= List of heads of state of Paraguay =

This article contains a list of heads of state of Paraguay since its independence in 1811 to the present day.

==Background==
After Paraguay proclaimed independence from the Viceroyalty of the Río de la Plata, its first effective head of state was utopist José Gaspar Rodríguez de Francia. He ruled the country from 1814 until his death in 1840, ensuring very little outside contact or influence.

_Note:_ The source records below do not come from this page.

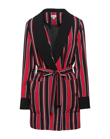 chaqueta con cinturón, raso, estampado a rayas, cinturón, cuello con solapas , abotonadura simple, manga larga, interior forrado, cierre con corchetes, cierre con botones ocultos, bolsillo aplicado, limpiar en seco, no secar en secadora
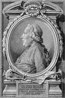 Giuseppe Santarelli (1710–1790) was an Italian castrato, composer, choir conductor, voice teacher, and Roman Catholic priest. He was named a knight of the Sovereign Military Order of Malta.
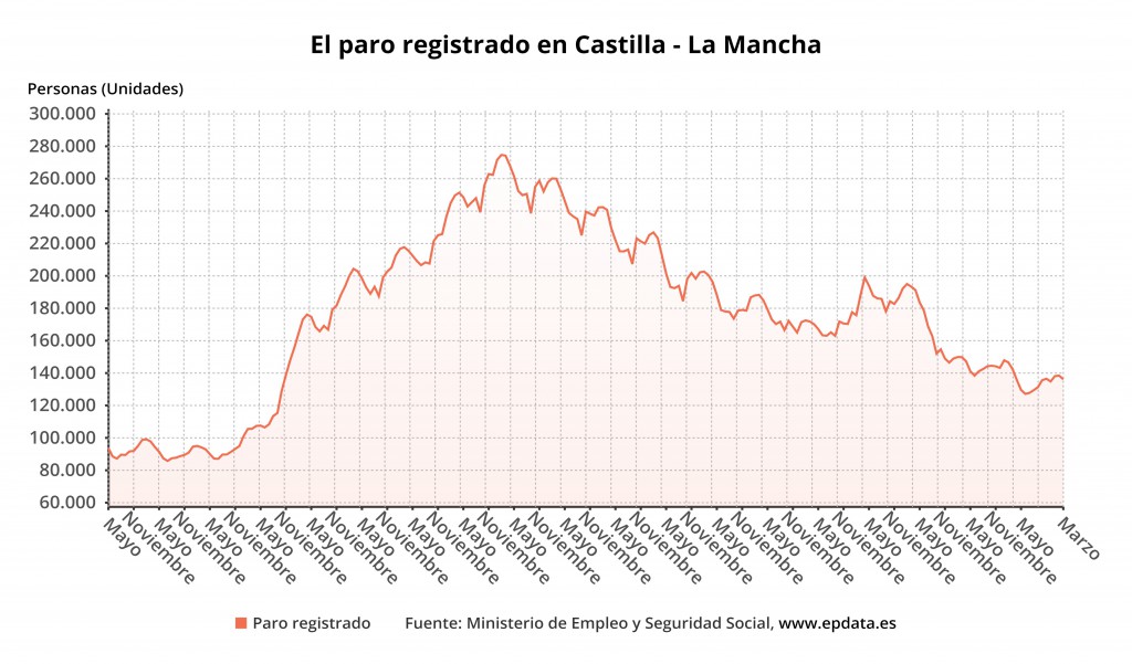 El paro registrado en las oficinas de los servicios públicos de empleo bajó en 2.312 personas en marzo en Castilla-La Mancha en relación al mes anterior (-1,67%) hasta las 136.162 personas desempleadas, según datos publicados por el Ministerio de Trabajo y Economía Social.

Since the establishment of the office of President of the Republic in 1844, during the family dictatorship of the López family (1841–1870), Paraguay had 51 presidents. Between the end of the Paraguayan War in 1870 and the 1954 coup d'état, the country had 44 presidents; 24 of them were forcefully removed from power. Eventually, Army General Alfredo Stroessner, supported by the Armed Forces and the right-wing Colorado Party, seized power in the 1954 coup d'état. Relying on the military and the party as the "twin pillars" of his rule, and ruling in the single-party system until 1962, Stroessner was elected for eight consecutive terms before being ousted in the 1989 coup d'état. His 35-year-long rule was one of the longest in history by a non-royal leader.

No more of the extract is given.